The Game Writing Nebula
Yesterday, SFWA announced that they were adding a Game Writing category to the Nebula Awards. The exact specifications for eligible material aren’t available yet, though the announcement says “all forms of game writing”, so it doesn’t seem they’ll be actively limiting nominations, at least initially. I have some thoughts.
First, yay, good for SFWA. They need to expand their fold to include storytellers in the new media, since the old categories of novel, novella, novelette, and short story are antiquated and terribly arbitrary in the current market. I’m not sure where they stand with graphic novels. Some part of my brain says that graphic novels have won Nebulas in the past, but I could be wrong, but if not they should probably expand in that direction as well. But for now, they’re including game writing, so let’s talk about that.
I’m worried that this award is going to become “Writing that happens to appear in games” rather than a proper game writing award. What do I mean by that? Well, a good game writer is creating narrative through the game, through the player’s interactions with the game world, the rules systems, other players, and so on, and so forth. It’s a great deal more than the words that appear on screen (or in the printed supplement, more on video games versus tabletop in a different post) or the dialog spoken by the characters. It’s a matter of narrative, driven through game play.
Let me give you two examples in the same game. I play a lot of World of Warcraft, and the latest expansion has seen both some of the best narrative storytelling and some of the worst. The story progresses through patches, and at the end of the last patch, the players were involved in freeing an ancient elven city, Suramar, from its oppressive rulers.
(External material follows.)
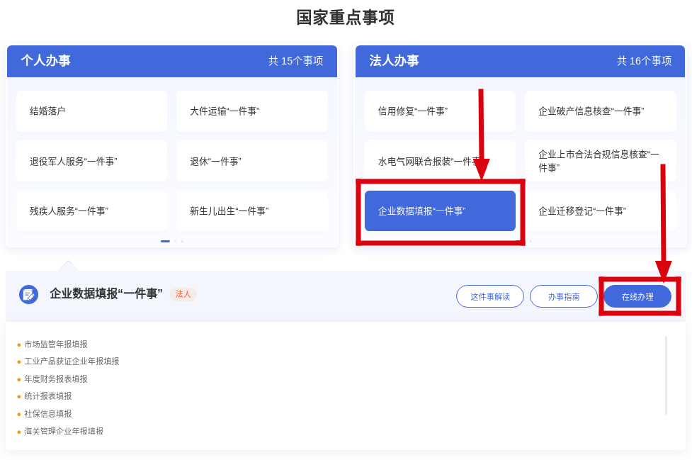 线上渠道:登录湖北政务服务网,进入“高效办成一件事”专区,找到企业数据填报“一件事”,点击“在线办理”选择对应区划进行申报。

During a great disaster in the past, the rulers of this city were forced to isolate their civilization from the rest of the world (this happens a lot in WoW, letting the developers reveal new gameplay areas by ending the new area’s isolation through various mechanics) and now, as they emerge from their exile, those same rulers have made a deal with demonic forces to ensure their continued survival.
The players get involved with dissident forces in the city, slowly loosening the demonic grip on the city, and eventually leading a revolution. It unfolded over several months of gameplay, starting with the players sneaking around the city, avoiding guards, making contacts among the resistance and manipulating political shifts in the city council, and then evolving into a full-fledged military invasion. It was very well written, with the missions leading through a narrative campaign that really made the players feel involved in the fate of this city.
It was fun. It was involving. And, frankly, it was a good story, well told. It wasn’t the dialog or cut-scenes that made it, though those things played a role in making the characters feel alive and the player’s interactions real. The quality of that patch was in the mission design, the natural flow of the narrative progression; in short, the game was well written.
The next expansion was the opposite. The players are dumped on an island and given random quests, told to collect supplies, and set on an endless cycle of constructing buildings that are then torn down by the demons and must be rebuilt. As stories go, well, Sisyphus had a more complicated plot line.
That’s the difference. That’s good game writing. But it has nothing to do with the writing in the game. The dialog and cut scenes are just as good in the new patch, the characters just as interesting, but the game play is awful. The narrative has stumbled, and that’s what makes good game writing.
Look, I’m glad SFWA is trying to grow the relevance of their awards. They’ve suffered from Cool Kids Club syndrome for a long time, and hopefully this change can help that, but I’m not yet convinced. I get the feeling that if Neil Gaiman wrote the dialog on a mobile fidget spinner, it might get nominated. I hope I’m wrong. Because the stories the next generation will be listening to will come to them in games, not in books, and if we’re going to keep our gigs as storytellers, we need to start thinking outside of the page.